Des personnes en convalescence ont exprimé leur désir d'être incluses dans l'étude. D'autres, en revanche, ont souligné le manque de prévention et les carences fondamentales du système de santé :
« Pourquoi n'y a-t-il pas d'analgésiques, d'antipyrétiques ni de solutions de réhydratation orale dans les pharmacies ? Comment est-il possible que l'on ne garantisse pas l'élémentaire, mais qu'un essai soit lancé avec un médicament de haute technologie ? », a interrogé un internaute dans la section commentaires de la publication de Biofarma.
« Prévenir est plus économique et efficace que de traiter les séquelles. L'urgence est le contrôle du vecteur.
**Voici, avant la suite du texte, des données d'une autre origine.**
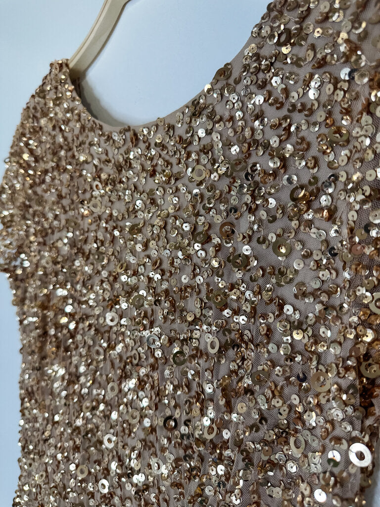 Sequin Cap Sleeve Gown with Small Train, size 6

Le virus n'est pas nouveau, pourquoi ne réagit-on que maintenant ? », a questionné un autre.
La critique la plus courante souligne que la stratégie privilégie la phase de récupération de la maladie plutôt que d'investir davantage d'efforts dans la prévention, en particulier dans l'élimination du moustique vecteur.
Plusieurs utilisateurs ont évoqué des expériences internationales avec des approches telles que la bactérie Wolbachia ou la modification génétique des vecteurs, qui n'ont pas encore été appliquées à grande échelle à Cuba.
Il manque des données clés sur l'essai clinique
Jusqu'à présent, aucune information détaillée n'a été divulguée concernant les critères d'inclusion dans l'essai, ni le calendrier prévu pour son avancement ou les éventuelles phases ultérieures. Il n'est pas non plus clair si, en cas de résultats positifs, le médicament sera accessible gratuitement pour les patients ayant des séquelles du virus ou s'il sera intégré dans le système de santé publique.
En réponse à des questions citoyennes, BioCubaFarma a souligné que l'essai est indispensable pour élargir légalement l'indication du médicament et qu'il existe des protocoles pour “accélérer les délais d'étude sans compromettre la qualité du processus”.
Cependant, de nombreux concernés craignent que les résultats n'arrivent trop tard
"Lorsque l'essai sera terminé, nous aurons déjà traversé toutes les séquelles du virus et il est probable que nous ne puissions pas bénéficier du traitement," a souligné quelqu'un.
Manque de transparence et fossé d'accès
Les commentaires sur les réseaux mettent également en évidence l'écart qui existe entre la recherche scientifique et le soin quotidien.
Au milieu de l'augmentation des maladies virales, plusieurs provinces signalent une pénurie de médecins, des difficultés d'accès aux hôpitaux, un manque de médicaments de base et des réactions indésirables à des traitements improvisés.
Le propre MINSAP a recommandé d'éviter l'automédication et a déconseillé l'utilisation d'ibuprofène dans les premières phases du Chikungunya, sans qu'il y ait de clarté sur les traitements disponibles pour les symptômes aigus.
En parallèle, des plaintes persistent concernant la corruption liée aux services de désinsectisation et à la vente informelle de médicaments essentiels, dont les prix sur le marché noir dépassent largement le salaire moyen mensuel.
Un pas en avant ou une solution incomplète ?
Bien que l'essai clinique avec Jusvinza puisse représenter une véritable opportunité pour atténuer les séquelles du Chikungunya, il expose également les limitations structurelles du système de santé cubain, marqué par la désorganisation, la pénurie et le manque de réponses opportunes.
L'initiative scientifique arrive à un moment où des milliers de personnes continuent d'attendre non seulement des traitements sophistiqués, mais aussi des solutions de base : un analgésique, un diagnostic rapide, une fumigation effectuée à temps.
La science cubaine progresse, mais la santé publique nécessite plus que des essais cliniques : elle a besoin de cohérence, de transparence et de capacité de réponse face à une crise qui affecte non seulement les hôpitaux, mais aussi la vie quotidienne de millions de personnes.